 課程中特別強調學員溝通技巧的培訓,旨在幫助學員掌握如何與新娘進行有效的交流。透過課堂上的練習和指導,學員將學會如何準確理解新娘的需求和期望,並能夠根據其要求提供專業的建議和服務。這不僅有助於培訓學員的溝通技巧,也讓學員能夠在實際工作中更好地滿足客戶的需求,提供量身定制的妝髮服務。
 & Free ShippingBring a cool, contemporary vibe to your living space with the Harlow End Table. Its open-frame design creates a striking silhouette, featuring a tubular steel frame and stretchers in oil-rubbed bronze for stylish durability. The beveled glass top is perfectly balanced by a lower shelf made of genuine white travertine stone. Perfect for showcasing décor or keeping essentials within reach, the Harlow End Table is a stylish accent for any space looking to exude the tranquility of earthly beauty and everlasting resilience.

* * *

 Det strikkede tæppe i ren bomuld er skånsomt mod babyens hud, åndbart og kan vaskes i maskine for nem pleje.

- TASK TO COMPLETE: Above are the lines; repeat exactly the ones from the line containing "課程中特別強調學員溝通技巧的" down to the line containing "and everlasting resilience.", both inclusive.

- ANSWER BOX:
 課程中特別強調學員溝通技巧的培訓,旨在幫助學員掌握如何與新娘進行有效的交流。透過課堂上的練習和指導,學員將學會如何準確理解新娘的需求和期望,並能夠根據其要求提供專業的建議和服務。這不僅有助於培訓學員的溝通技巧,也讓學員能夠在實際工作中更好地滿足客戶的需求,提供量身定制的妝髮服務。
 & Free ShippingBring a cool, contemporary vibe to your living space with the Harlow End Table. Its open-frame design creates a striking silhouette, featuring a tubular steel frame and stretchers in oil-rubbed bronze for stylish durability. The beveled glass top is perfectly balanced by a lower shelf made of genuine white travertine stone. Perfect for showcasing décor or keeping essentials within reach, the Harlow End Table is a stylish accent for any space looking to exude the tranquility of earthly beauty and everlasting resilience.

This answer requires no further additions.